The Danish Royal Property Trust’s best-known jewellery is the Pearl Poire set, which was not created as a set but is now regarded and used as such. The jewellery set, also called a garniture, consists of a tiara, necklace, earrings, and a large brooch as well as a smaller brooch – all with distinctive pearls.
The tiara and the large brooch are the set’s oldest pieces and were produced in 1820 for Princess Louise of Prussia’s wedding with Prince Frederik of The Netherlands in 1825. The two pieces are believed to have been made in Berlin and where a gift from the bride’s father, Friedrich Wilhelm III of Prussia. When the granddaughter of Prince Frederik and Princess Louise of the Netherlands, Princess Lovisa of Sweden, married the Danish Crown Prince Frederik (VIII) in 1869, the Dutch maternal grandparents gifted the corsage to her and, a few years later, also the tiara.
The tiara is made of white gold and constructed as a series of stylised, diamond-ornamented lotus flowers, which together form open, slightly tapered arches in slightly increasing height towards the centre of the tiara. From each of the arches hangs a large pear-shaped pearl, thus the name pearl ‘poires’, which dangles with movement. Both the semicircular, ring-shaped base and the tiara’s arches are densely ornamented with ‘old cut’ diamonds on a reflective, silvered based.
The brooch, a so-called ‘corsage’, is made to fasten on the breast part of the dress, hence the name after the French word ‘corps’ for body. The material is white gold densely ornamented with large ‘old cut’ diamonds, and the shape is two, curled up, stylised parts of a plant with a large, round pearl at the top and a diamond rosette at the bottom. From the brooch dangle five diamond-encircled pearl ‘poires’ similar to those of the tiara.
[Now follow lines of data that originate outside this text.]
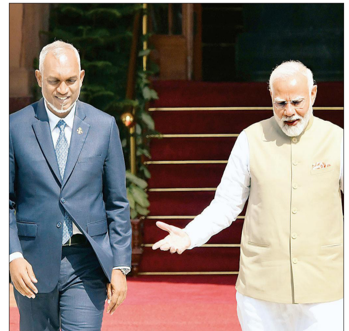
सोमवार को नई दिल्ली के हैदराबाद हाउस में बैठक से पहले प्रधानमंत्री नरेंद्र मोदी और मालदीव के राष्ट्रपति मोहम्मद मुइज्जु।

स्थान है। उन्होंने कहा कि भारत ने सदैव मालदीव के लिए सबसे पहले मददगार की भूमिका निभाई है। चाहे मालदीव के लोगों के लिए आवश्यक वस्तुओं की जरूरत पूरा करना हो, प्राकृतिक आपदा के समय पीने का पानी उपलब्ध कराना हो या कोविड के समय वैकसीन देने की बात हो। भारत ने हमेशा अपने पड़ोसी होने के दायित्व को निभाया है। प्रधानमंत्री मोदी ने कहा कि आज हमने आपसी सहयोग को रणनीतिक दिशा देने के लिए 'समग्र आर्थिक एवं समुद्री सुरक्षा साझेदारी' विज़न अपनाया है। विकास साझेदारी हमारे संबंधों का अहम स्तंभ है। हमने, इसमें हमेशा मालदीव के लोगों की प्राथमिकताओं को प्रमुखता दी है। इस वर्ष भारतीय स्टेट बैंक ने मालदीव के 10 करोड़ डॉलर के 'ट्रेजरी बिल्स' का रोल ओवर किया है।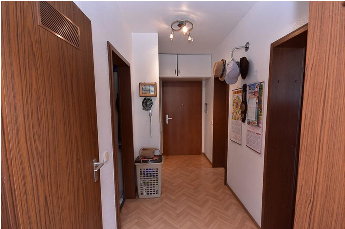
Flur vor der Sanierung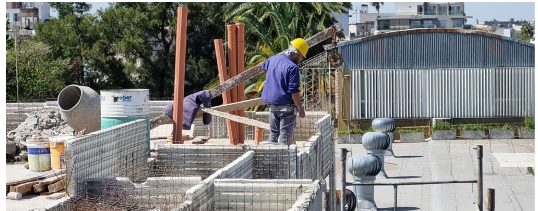
Alvear 1050 - Complejo Residencial Eco Sustentable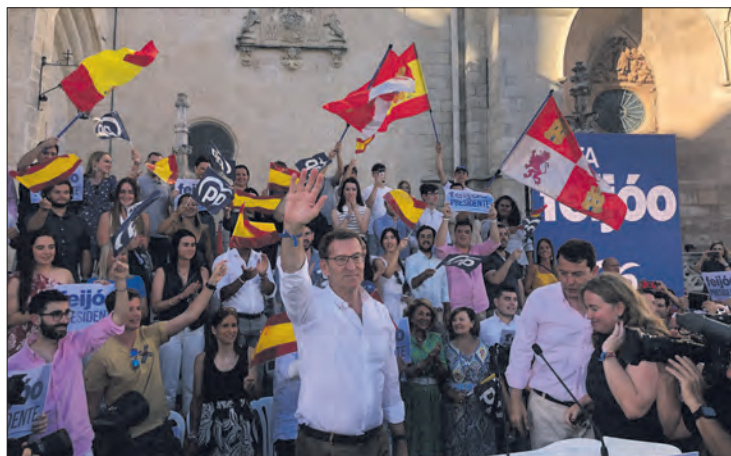
Acto central de campaña del PP de Burgos, el jueves 13, con la presencia de Núñez Feijóo.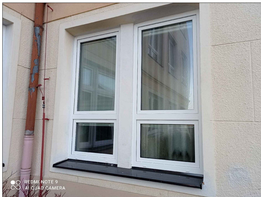
Detail zednického zajištění sestavy z II. etapy (W6)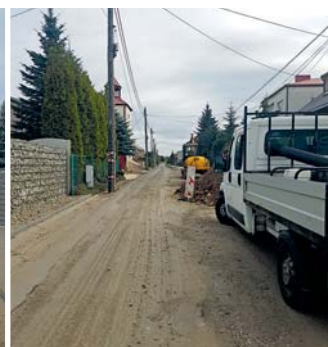
Krzykawka - budowa kanalizacji. Prace związane z wykonywaniem przyłączy do domów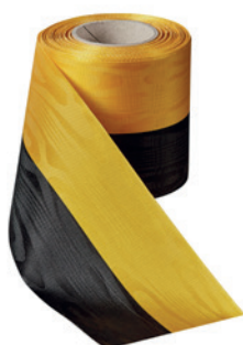
Art.: 00021 Farbe: 911 schwarz/gelb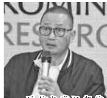
通信与资讯部信息学应用局长瑟姆尔

【本报讯】通信与资讯部正在调查IndiHome客户个人数据泄露的消息，这是国家电信公司(PT Telkom Indonesia)的一项服务。 通信与资讯部信息学应用局长瑟姆尔(Semuel A. Pangerapan)不久前在一份书面声明中表示，在社交媒体上传播说IndiHome 2600万客户搜索历史，以及客户的姓名和身份证登记号被泄露，并在非法网站上免费分发。关于IndiHome客户个人数据涉嫌泄露的信息，国家电信公司、通信与资讯部正在深化所谓的事件。 瑟姆尔表示，通信与资讯部将传唤国家电信公司管理层以获取与此事相关的报告和后续步骤。在获得国家电信公司的报告和步骤后，通信与资讯部将发布技术建议，并与国家网络和密码局(BSSN)协调。通信与资讯部将很快发布技术建议，以改善国家电信公司个人数据保护的实施，同时与国家网络和密码局协调。 (亮剑)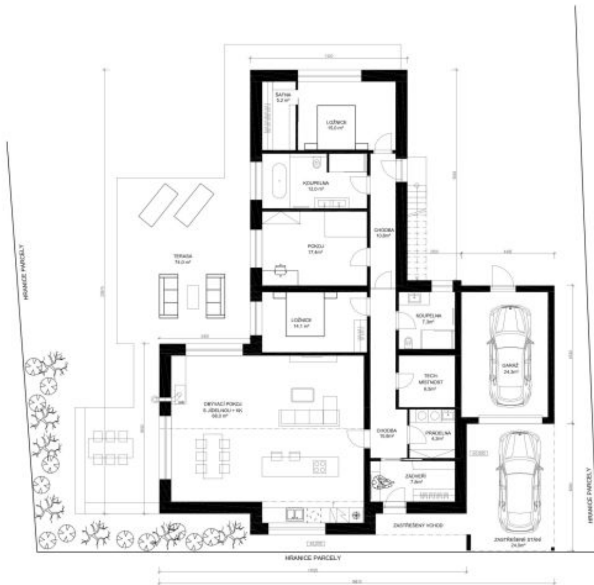
PŮDORYS 1NP - V KONTEXTU PARTERU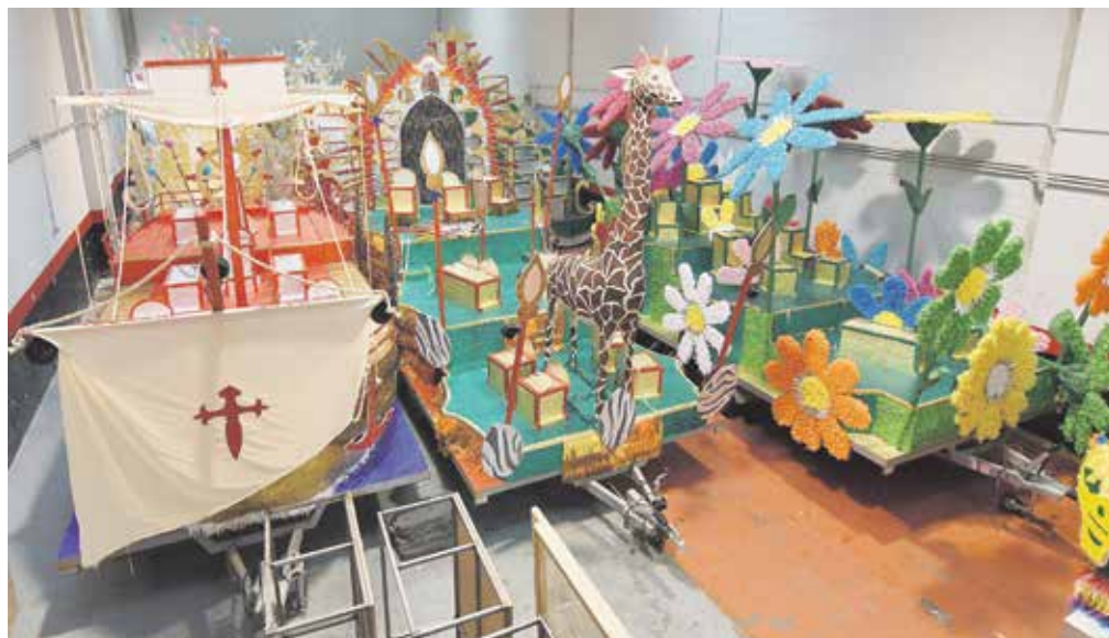
Una de las carrozas conmemorará la primera circunnavegación a la Tierra emprendida por Magallanes

que las carrozas estén todas preparadas para el gran día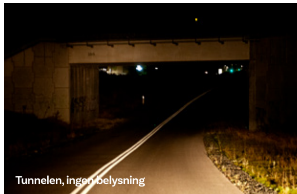
Tunnelen, ingen belysning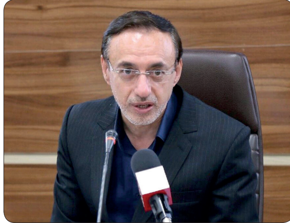
شایستگی وجود ندارد اضافه کرد: گاهی اتفاقاتی می‌افتد که به وزیر تعاون کار و رفاه اجتماعی گزارشات را ارائه داده ام، در این دولت نباید گاهی افراد شایسته حذف شده و افراد ناشایسته‌ای بر سر کار بیایند.

نماینده مردم پنج شهرستان خراسان شمالی بیان داشت: تعلیم و تربیت در سطوح مختلف کشور و توجه به معلم، استاد، دانشگاه و مدرسه بسیاری از مشکلات امروز کشور را مرتفع خواهد کرد زیرا مشکلات کنونی ناشی از گذشته است. وی با اشاره به اینکه عدالت در پرداخت باید رعایت شود، گفت: نیروهای چندانکه با پرداخت‌های متفاوت در دستگاه‌ها تا چه زمانی باید بلا تکلیف بمانند؛ قرار دادن نظام شایستگی در انتصابات یک طراحی عملیاتی نیاز دارد، این مهم بسیاری از گره‌های کشور را رفع خواهد کرد.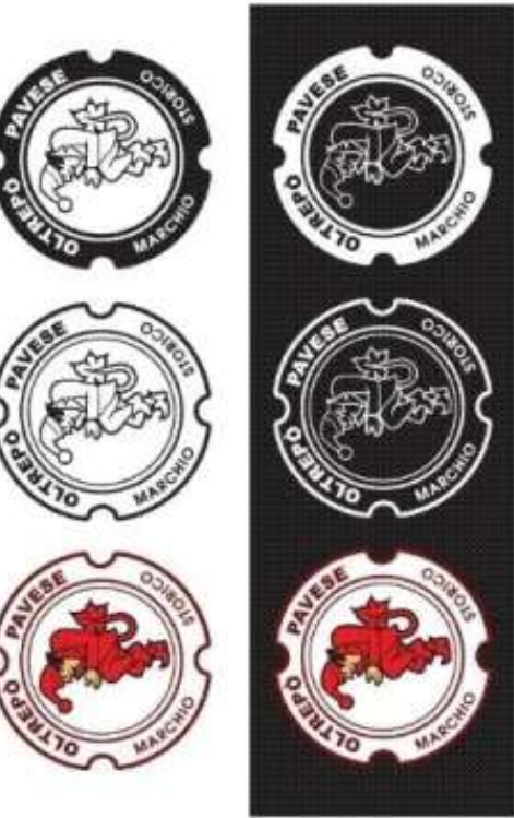
A colori su nero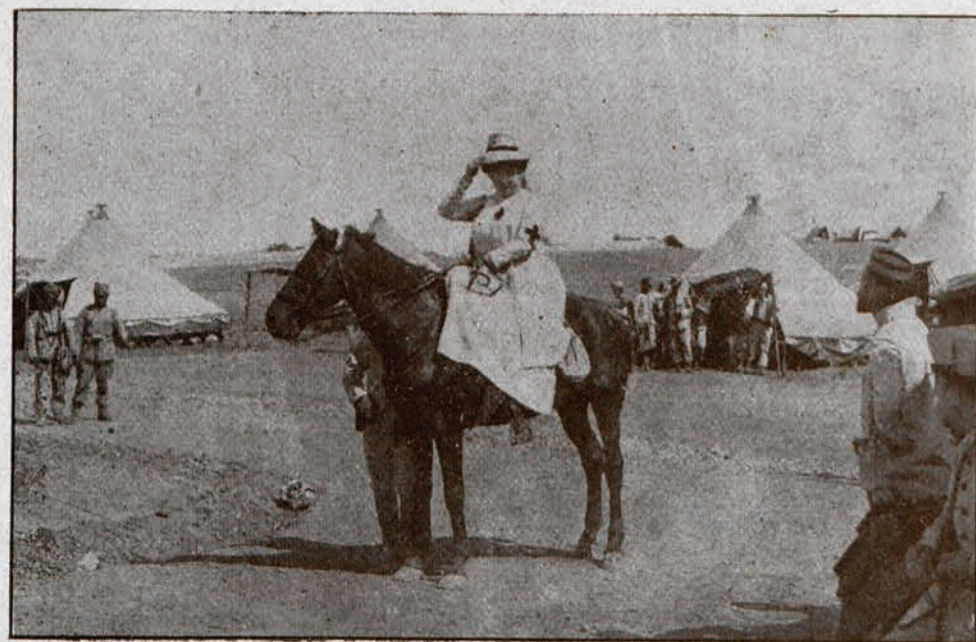
Carmen de Burgos à cheval dans le camp de Melilla.

«Notre Collaboratrice Carmen de Burgos (à Melilla, Maroc)», Parigina Revue, Pa- ris. 25-XI-1909. Gallica. BNF. Biblioteca Nacional de Francia.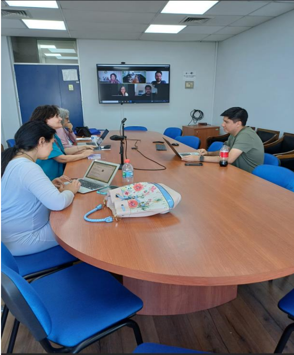
Figura 1. Miembros CEC en sesión ordinaria modalidad híbrida, presencial y remota.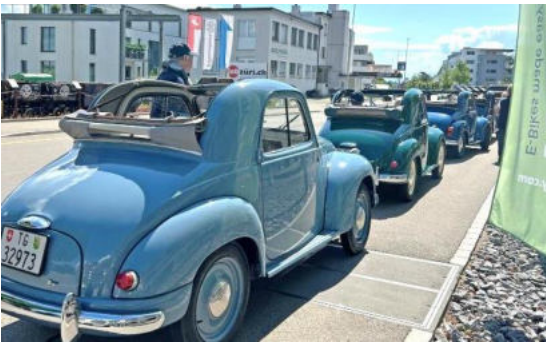
Aufkolonieren auf der Seestrasse

Heute weckte uns alle die Morgensonne und kündigte einen wunderschönen Tag mit blauem Himmel an. Auf dem Programm stand für die 12 angemeldeten Topolinos die Fahrt ins Blaue. Treffpunkt war dieses Mal das Hotel Schwan in Horgen und wir durften auf dem Dorfplatz vor dem Hotel den vom Club spendierten Kaffee mit Gipfeli geniessen. Die schöne Ambiance wurde durch viele Trachtenfrauen bereichert sowie von Alphornklängen untermalt.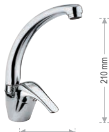
F 42 2 C Miscelatore monocomando per lavello, con bocca alta girevole, modello corto. Single-lever one-hole sink mixer, with high movable spout, shorter model.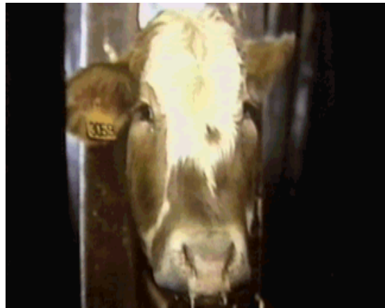
Figura 4- Picada na região da cabeça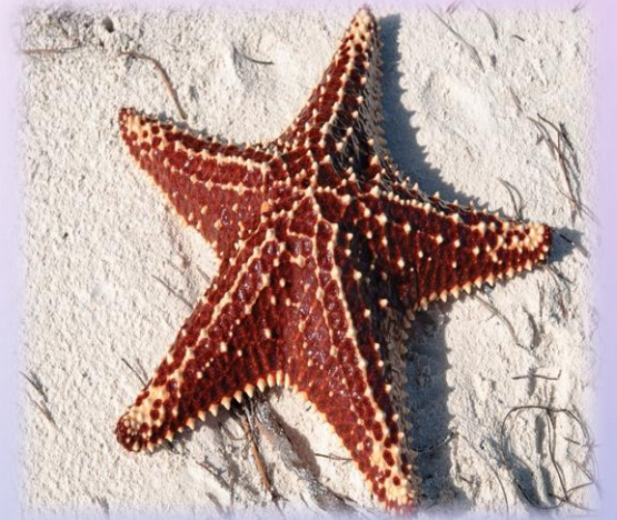
La Estrella de mar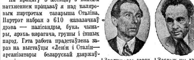
Заслужаны дзеяч мастацтваў БССР, скульптар-ордэнаносец З. І. Азгур. Фота М. Савіна. Фотахроніка БЕЛТА.

Заслужаны дзеяч мастацтваў БССР, скульптар-ордэнаносец М. А. Керзін. Фота М. Савіна. Фотахроніка БЕЛТА.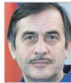
Павел ВИНОГРАДОВ российский космонавт, совершил 7 выходов в открытый космос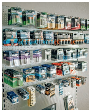
Batterien in großer Auswahl sind vorrätig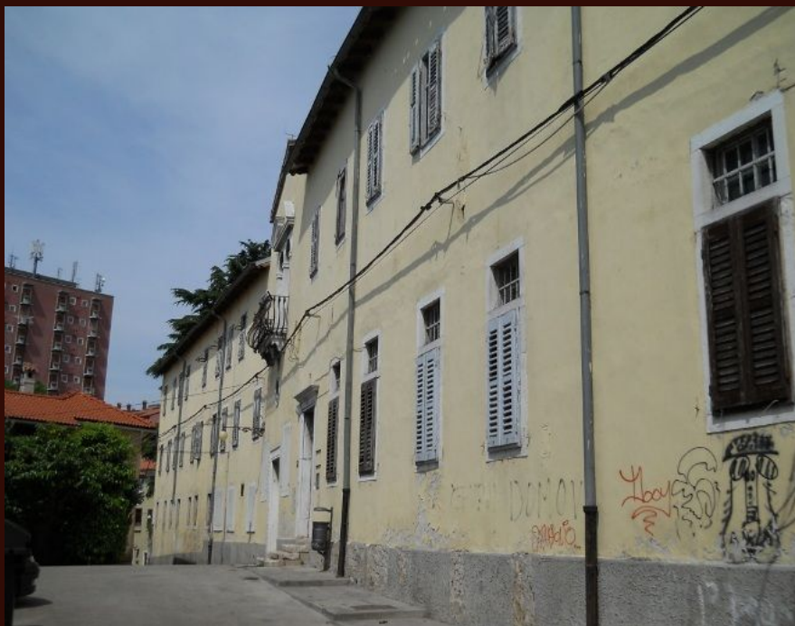
Koper, Servitski samostan, pročelje

Strokovno vodstvo / Guida esperta / Stručno vodstvo: Katharina Zanier, Neža Čebren Lipovec

The necklace of the Pearl Poire garniture was a wedding gift for Crown Princess Lovisa in 1869 from the Khedive, or viceroy, of Egypt. The necklace, which was probably made in France, is in white gold with two rows of large ‘old cut’ diamonds, broken up by eight very large pearls, encircled by diamonds. At the bottom of the necklace hung originally five, but now only three, large pear-shaped pearl ‘poires’ surrounded by diamonds.
The set’s earrings in white gold were created from two of the necklace’s original five pendants, which already in Queen Lovisa’s time could be taken off the necklace and used on the ears. They consist of a large pearl with a wreath of diamonds and, beneath, a hanging diamond-encircled pearl ‘poire’.
The fifth part of Pearl Poire garniture is a slightly smaller, completely round brooch with a large pearl, encircled by two rows of ‘old cut’ diamonds. The brooch, which could also be used as a clasp, a so-called ‘fermoire’ in a string of pearls, was also gifted to Queen Lovisa for the wedding in 1869 by her brother-in-law and sister-in-law, the future Tsar Alexander III and Marija Fjodorovna, born Princess Dagmar of Danmark.